A group of hackers claims to have 340 million records linked to OnlyFans, a platform with more than 4.5 million creators and nearly 380 million users. The alleged database would include follower and creator accounts, with personal information and activity metrics.
The main discrepancy lies in the origin of this data. While the attackers present the finding as a major information exposure, the technical analysis known so far indicates that it does not stem from a new vulnerability and that the material corresponds to August of last year.
The reviewed sample only included ten records with emails and names
The data that the attackers claim to have gathered would contain usernames, registration dates, email addresses, follower counts, interaction counters, and counts of images, videos, and live streams. They also mention payment card data and linked profiles.
However, the Cybernews research team reviewed the shared sample and found that only ten records with identifiers, names, and email addresses were attached. That same review concludes that the information does not come from a recent breach.
Those responsible for the leak deny having accessed the platform's internal systems. Their version is that the database was compiled from previous leaks, public sources, and other security breaches.
OnlyFans rejects the existence of a current security breach
The exposure of email addresses and other profile data can facilitate identity theft attacks. The risk increases when this information is cross-referenced with data obtained from other platforms to build more complete profiles of the affected users.

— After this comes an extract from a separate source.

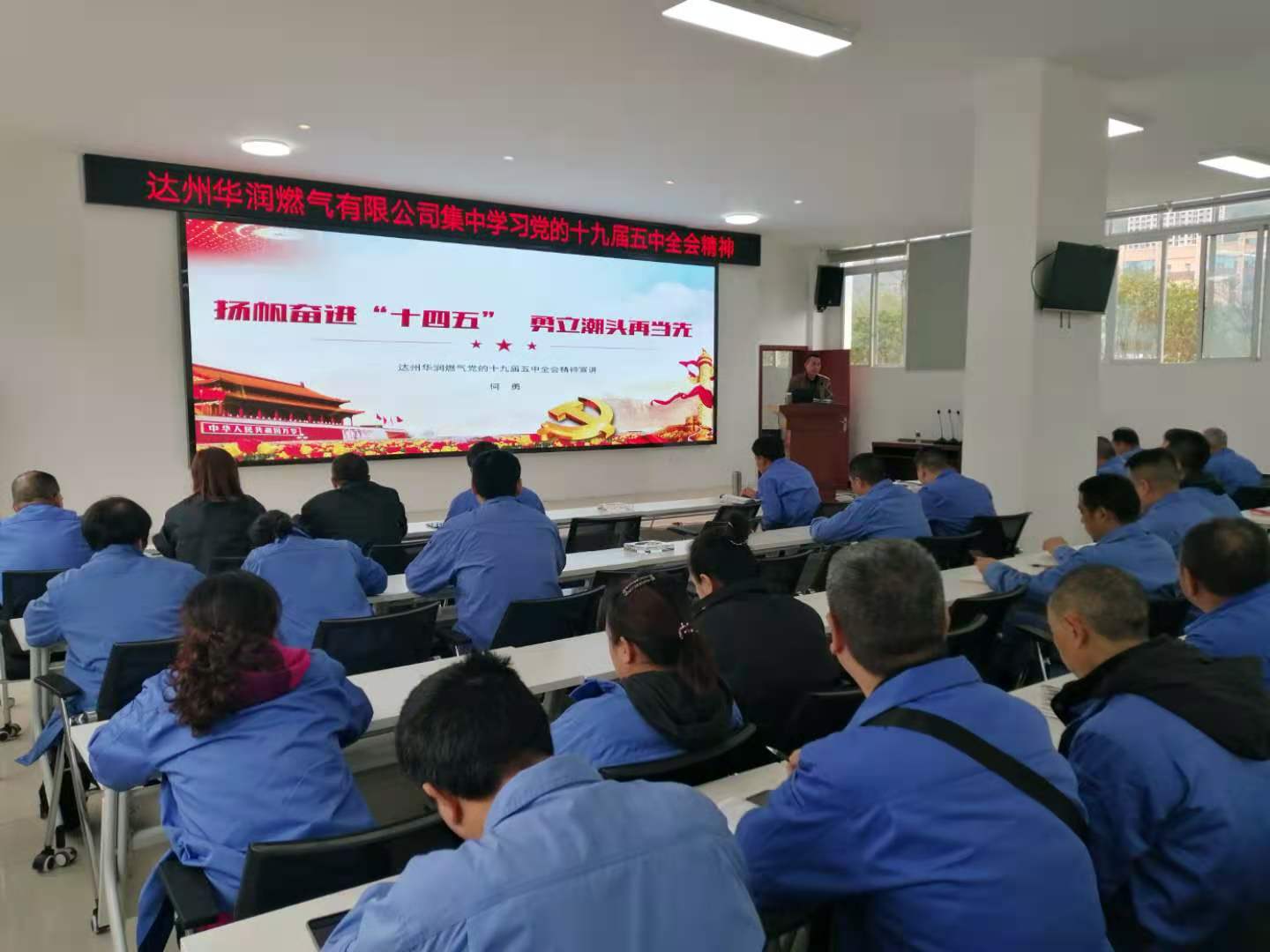 目前,達州華潤燃氣各級黨組織通過多種形式傳達學(xué)習(xí)黨的十九屆五中全會精神,營造濃厚輿論氛圍,在公司掀起了學(xué)習(xí)宣傳貫徹五中全會精神的熱潮。
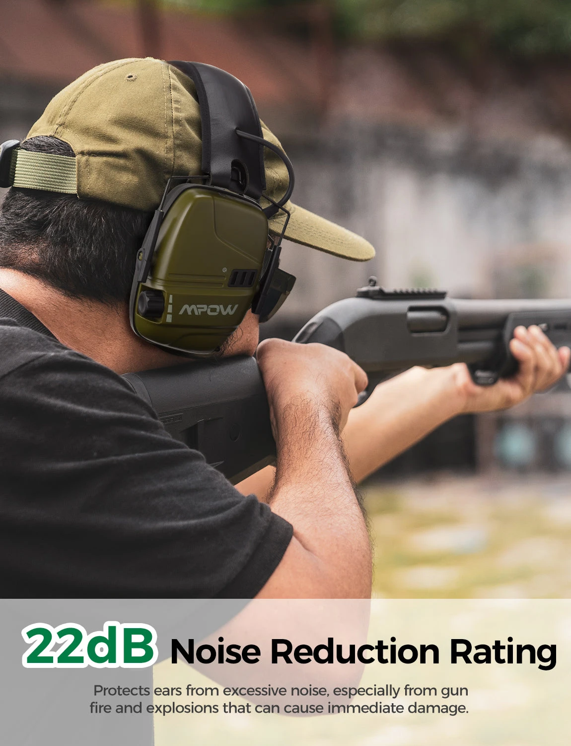 EFFICIENT SHOOTING-RANGE NOISE REDUCTION: Double-shell sealing technology and new thickened materials offer SNR 26dB noise reduction. MPOW professional noise reduction ear muff effectively filters low noise and increases the stereo effect. The noise over 82dB will be automatically reduced to protect your ear, providing optimal noise reduction across all frequencies on power-on mode.

This cross-referencing of databases has already appeared in other cybersecurity incidents and is connected to phishing attacks and data leaks that amplify the impact of an initial exposure.
OnlyFans denies that an intrusion is underway. A spokesperson for the platform told Cybernews that, based on the available information, reports of this alleged breach are false.
"Based on the information available, these reports are false" - OnlyFans spokesperson
Cybernews also places the temporal origin of the data in August of last year, a detail that distances the hypothesis of new access to OnlyFans systems.